Written by Roy Ingente
Habing Silong unfolds as a suspended landscape of memory, labor, and transformation—an expansive 12ft x 30ft installation that reimagines the vernacular language of Cebuano banig weaving within a contemporary spatial context. Hovering between shelter and sculpture, the work evokes the idea of a “silong,” a space beneath—both literal and metaphorical—where stories, histories, and lived experiences are held. Through its scale and tactility, the installation invites viewers to step into an environment that is at once intimate and communal, foregrounding the enduring cultural intelligence embedded in traditional weaving practices.

At the heart of this work lies the Cebuano banig, a practice rooted in intergenerational knowledge, rhythm, and resilience. By translating this technique into an architectural, hanging form, the artists challenge the boundaries between craft and contemporary art. The meticulous interlacing of discarded materials—food wrappers, plastic sachets, sacks—does not merely replicate traditional patterns but extends them into a new material vocabulary. These remnants of consumption are recontextualized, shifting from objects of disposability into carriers of meaning, thereby asserting the relevance of indigenous methodologies in addressing present-day ecological urgencies.


The collaborative dimension of Habing Silong is equally vital to its significance. Conceived as a thesis project by Robin Michael Canucot, Frances Clairre Dolar, Kylle Adrianne Llaneta, and Angel Villahermosa - graduating multimedia arts students-and-creatives of the Cebu Institute of Technology-University, with the objectives in developing an installation that emerges from a dynamic exchange between academic inquiry and community knowledge. The involvement of local TLE teachers as subject matter experts grounds the project in pedagogical rigor, while the co-creation with the weavers of the Rise Above Foundation Cebu ensures authenticity and continuity of practice. Based in Guadalupe, Cebu City, these weavers bring not only technical expertise but also lived narratives of adaptation, ingenuity, and survival through upcycling.

Launched on April 23, 2026 at The Kabilin Center under the stewardship of the Ramon Aboitiz Foundation Inc., Habing Silong finds resonance within a space dedicated to elevating community appreciation through art, design, culture, and heritage.
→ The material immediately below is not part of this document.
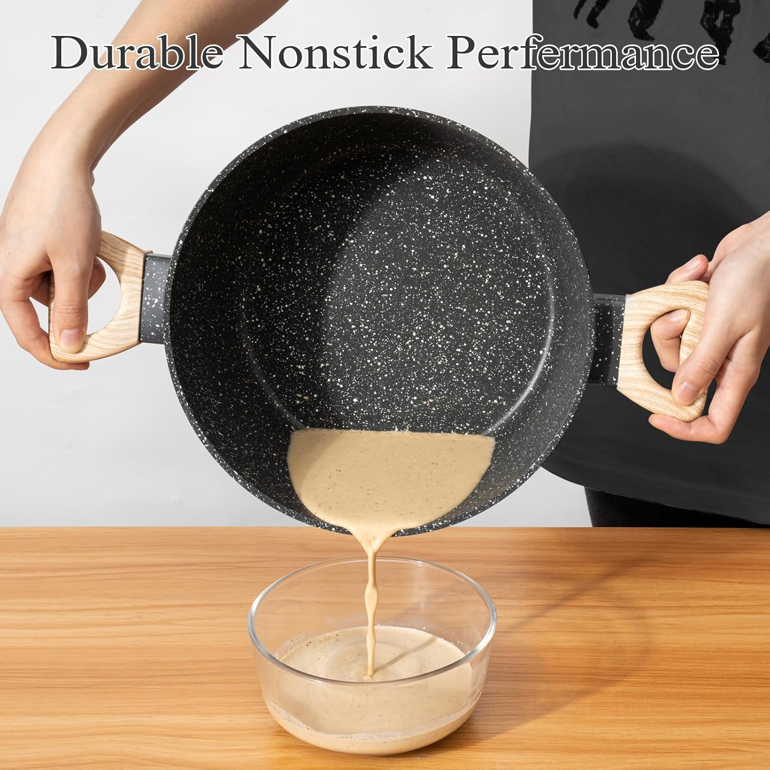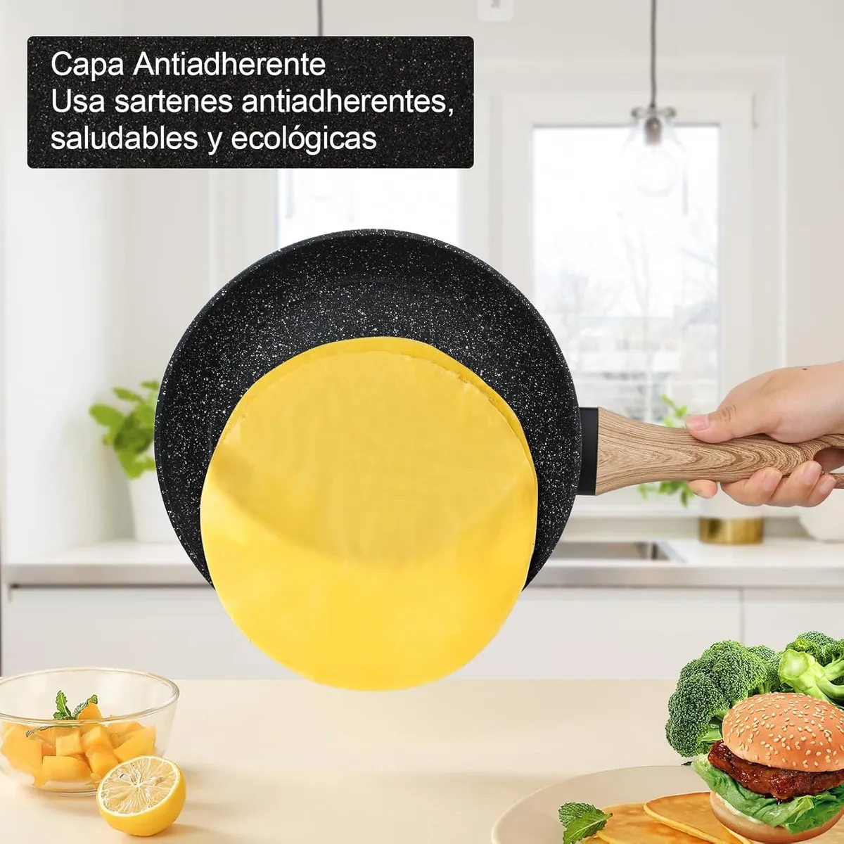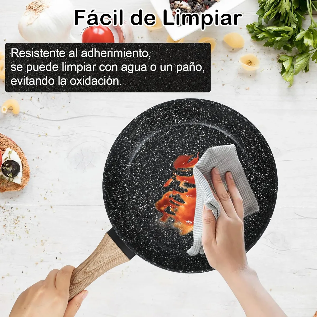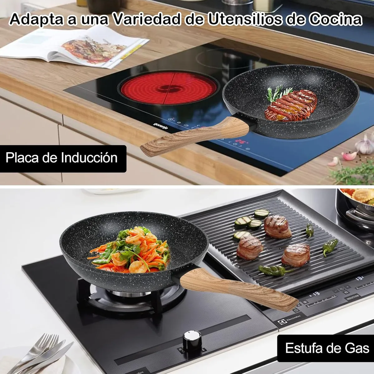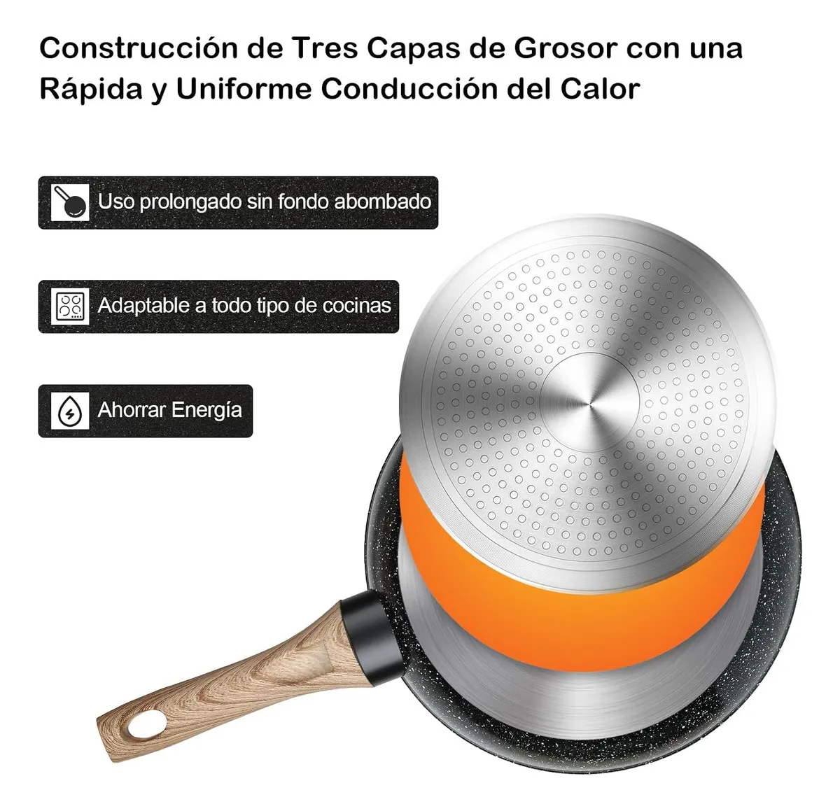 Fabricada con recubrimiento antiadherente tipo granito, compatible con inducción, gas, eléctrica y vitrocerámica.

This institutional context deepens the work’s curatorial framing, situating it within broader conversations on cultural preservation and innovation- allowing the weavers themselves in developing an appreciation, not only to the body of work and creative output, but towards themselves and their journey as practitioners of the Sugbuanon Design Culture.



The Habing Silong stands as a compelling testament to the possibilities of convergence—between tradition and innovation, waste and worth, individual authorship and collective making—urging audiences to reconsider not only the materials they discard, but also the cultural knowledge systems that continue to sustain and transform communities.